The man’s throat moved; then like one suddenly re-endowed with life, he bolted from the room. After a long time, he returned with the proprietor of the place. In the wicked eye of the latter there gleamed the light of a plan. He did not respond to Johnnie’s genial greeting, but at once proceeded to develop his position. “Johnnie,” he said, “bread is very dear in Havana. It is very dear.”
“Is it?” said Johnnie, looking keenly at the speaker. He understood at once that here was some sort of attack upon him.
“Yes,” answered the proprietor of the Café Aguacate slowly and softly. “It is very dear. I think tonight one small bit of bread will cost you one centene—in advance.” A centene approximates five dollars in gold.
The spy’s face did not change. He appeared to reflect. “And how much for the butter?” he asked at last.
The proprietor gestured. “There is no butter. Do you think we can have everything, with those Yankee pigs sitting out there on their ships?”
“And how much for the coffee?” asked Johnnie musingly.
Again the two men surveyed each other during a period of silence. Then the proprietor said gently, “I think your coffee will cost you about two centenes.”
“And the eggs?”
“Eggs are very dear. I think eggs would cost you about three centenes for each one.”
The new looked at the old; the North Atlantic looked at the Mediterranean; the wooden nutmeg looked at the olive. Johnnie slowly took six centenes from his pocket and laid them on the table. “That’s for bread, coffee, and one egg. I don’t think I could eat more than one egg tonight. I’m not so hungry as I was.”
The proprietor held a perpendicular finger and tapped the table with it. “Oh, señor,” he said politely, “I think you would like two eggs.”
Johnnie saw the finger. He understood it. “Ye-e-es,” he drawled. “I would like two eggs.” He placed three more centenes on the table.
“And a little thing for the waiter? I am sure his services will be excellent, invaluable.”
“Ye-e-es, for the waiter.” Another centene was laid on the table.
The proprietor bowed and preceded the waiter out of the room. There was a mirror on the wall and, springing to his feet, the spy thrust his face close to the honest glass. “Well, I’m damned!” he ejaculated.

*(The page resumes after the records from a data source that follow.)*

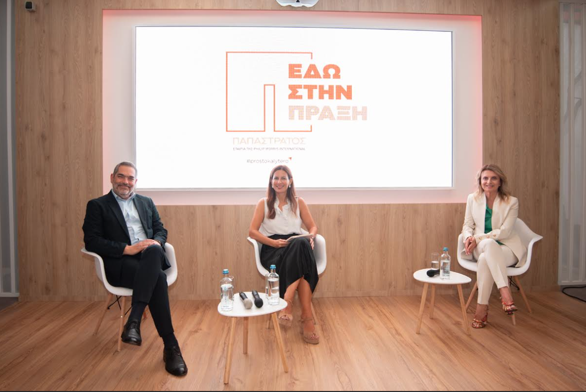 Στο πλαίσιο της συζήτησης, τα δύο στελέχη της Παπαστράτος είχαν την ευκαιρία να μιλήσουν για την αρχή της μείωση της βλάβης, ως στρατηγική που στοχεύει στη μείωση των αρνητικών συνεπειών από επικίνδυνες συμπεριφορές χωρίς να κρίνει τις ατομικές επιλογές, αποτελώντας μια σημαντική παρέμβαση για τη δημόσια υγεία. Ακολουθώντας την αρχή αυτή, η Παπαστράτος και η μητρική της εταιρεία, Philip Morris International (PMI), έχουν επενδύσει πάνω από 14 δισεκ. δολάρια, τα τελευταία 15 χρόνια, στην επιστήμη και την καινοτομία, με στόχο την ανάπτυξη καλύτερων προϊόντων από το συμβατικό τσιγάρο. Σήμερα, περισσότεροι από 1.400 επιστήμονες, από διαφορετικά πεδία, διεξάγουν έρευνα πάνω σε αυτά τα προϊόντα συμβάλλοντας στην επιστημονική τεκμηρίωσή τους. Παράλληλα, η εταιρεία διαθέτει στο χαρτοφυλάκιο των προϊόντων της μία ποικιλία διαφορετικών κατηγοριών, όπως θερμαινόμενα προϊόντα καπνού, ηλεκτρονικά τσιγάρα και σακουλάκια ή pouches νικοτίνης, δίνοντας τη δυνατότητα στους ενήλικους καπνιστές, που δεν διακόπτουν το κάπνισμα, να επιλέξουν το προϊόν που θα τους βοηθήσει να αφήσουν πίσω τους το τσιγάρο.
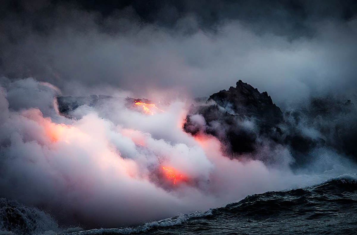 I really like this series. Kilauea was flowing the last time we went to the Big Island, but we couldn't get near it. It is a marvelous site watching the lava spew forth. Your colors look realistic to my eyes, but realism is always in the eyes of the beholder. Even though I know your vision included a darker, dramatic look, I think the blackness is too much in this case. I added a little more light and this version is what I saw from much farther away. Hard to believe it has been continuously flowing for 30 years now. |
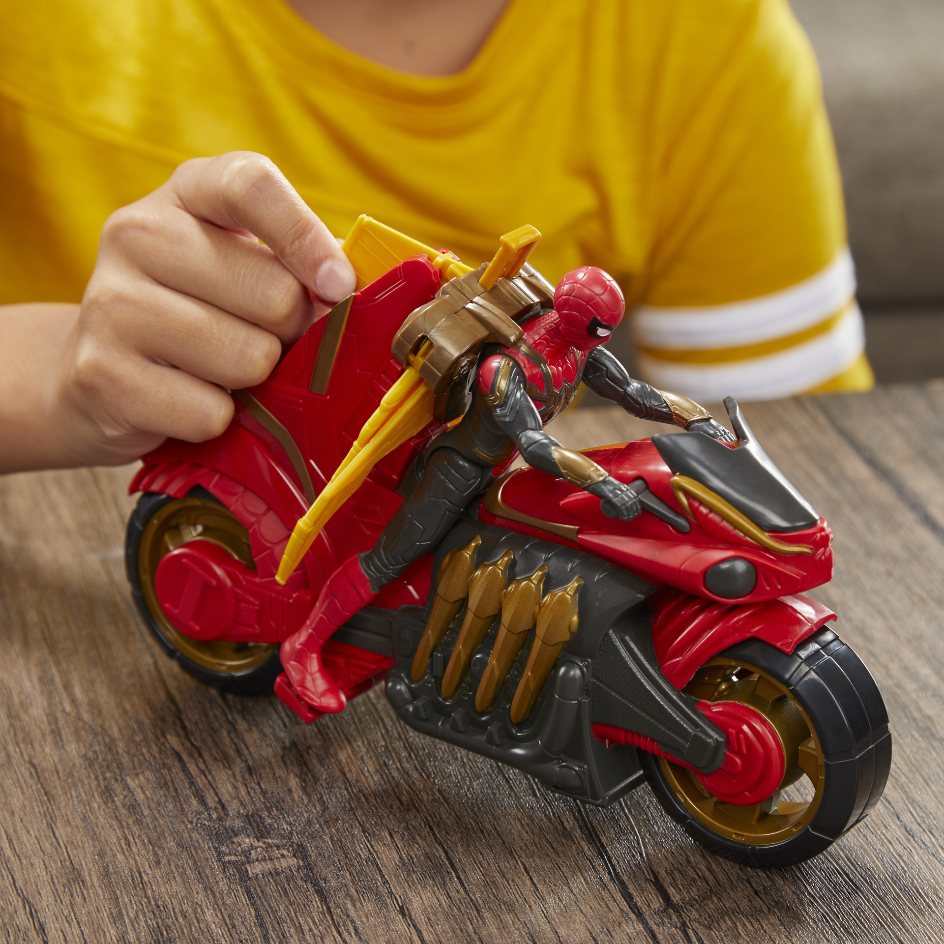 | Plus produit | MOTO ET FIGURINE AMOVIBLE DE 15 CM INSPIRÉES DU FILM : Cette figurine Spider-Man de 15 cm et sa Super arachno-moto sont inspirées du film Spider-Man de l\'univers cinématographique Marvel ON PLACE SPIDER-MAN SUR SA MOTO, PUIS ON ROULE À LA RESCOUSSE : On imagine se joindre à Spider-Man, le héros emblématique de Marvel, tandis qu\'il s\'élance à travers la ville sur une moto deluxe au design emblématique inspiré de Spider-Man INCLUT UN ACCESSOIRE DORSAL AMOVIBLE AVEC AILES DE PLANEUR DÉPLOYABLES : Quand on enlève Spider-Man de la Super arachno-moto, ses ailes se déploient ! Ses ailes se referment quand on assoit la figurine sur sa moto rouge. Il est prêt à conduire LA FIGURINE ARTICULÉE PORTE UN COSTUME COMBINÉ : La figurine a 4 points d\'articulation (ses bras et ses jambes bougent) et elle porte un costume combiné inspiré du film IL Y A AUSSI D\'AUTRES FIGURINES ET ÉQUIPEMENTS DE SUPER-HÉROS SPIDER-MAN : Il y a aussi d\'autres jouets Spider-Man inspirés du film Spider-Man de Marvel. Autres produits vendus séparément. Dans la limite des stocks |
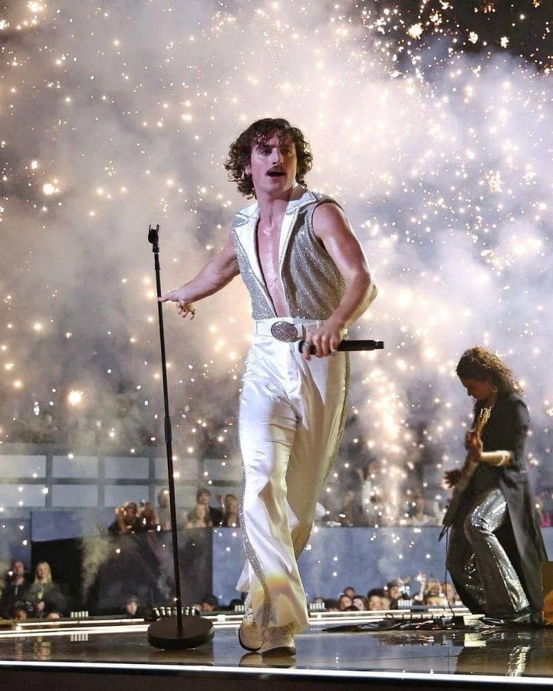Benson Boone tampil mencolok dengan outfit serba putih yang berani di MTV EMAs 2024. Rompi berkilauan yang memperlihatkan dadanya memberikan kesan percaya diri dan glamor.
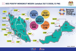 11月25日,衛生總監諾希山公布了截至中午12點大馬新冠疫情最新數據。根據最新消息指出,大馬截至中午12點,一共新增了970宗確診、2348宗治愈、4死亡,讓累計確診人數來到59817人,治愈人數來到46501人,死亡人數345宗。 #COVID19 Terkini. 25 Nov. Kes baharu hari in...... [閱讀更多]
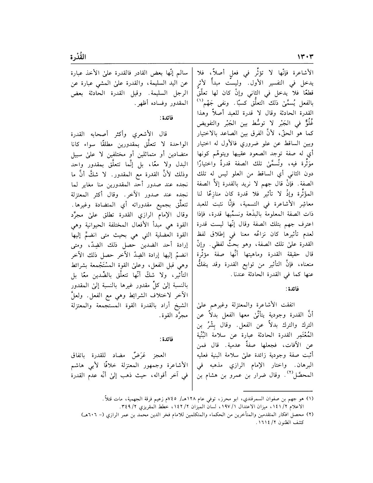 اتفقت الأشاعرة والمعتزلة وغيرهم على أنّ القدرة وجودية يتأتّى معها الفعل بدلا عن الترك والترك بدلا عن الفعل. وقال بشر بن المعتمر القدرة الحادثة عبارة عن سلامة البنية عن الآفات، فجعلها صفة عدمية. قال فمن أثبت صفة وجودية زائدة على سلامة البنية فعليه البرهان. واختار الإمام الرازي مذهبه في المحصّل «2». وقال ضرار بن عمرو بن هشام بن سالم إنّها بعض القادر فالقدرة على الأخذ عبارة عن اليد السليمة، والقدرة على المشي عبارة عن الرجل السليمة. وقيل القدرة الحادثة بعض المقدور وفساده أظهر.
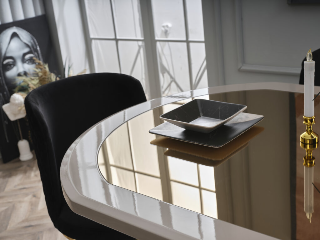 - Großer Esstisch mit eleganter Optik und markanter Glasfront 190x100x78 cm

“Is this me or is this the Honorable D. Hayseed Whiskers of Kansas? Who am I, anyhow? Five dollars in gold!—Say, these people are clever. They know their business, they do. Bread, coffee, and two eggs, and not even sure of getting it! Fifty dol—Never mind; wait until the war is over. Fifty dollars gold!” He sat for a long time; nothing happened. “Eh,” he said at last, “that’s the game.” As the front door of the café closed upon him, he heard the proprietor and one of the waiters burst into derisive laughter.
Martha was waiting for him. “And here ye are, safe back,” she said with delight as she let him enter. “And did ye bring the bread? Did ye bring the bread?”
But she saw that he was raging like a lunatic. His face was red and swollen with temper; his eyes shot forth gleams. Presently he stood before her in the patio where the light fell on him. “Don’t speak to me,” he choked out waving his arms. “Don’t speak to me! Damn your bread! I went to the Café Aguacate! Oh, yes, I went there! Of course, I did! And do you know what they did to me? No! Oh, they didn’t do anything to me at all! Not a thing! Fifty dollars! Ten gold pieces!”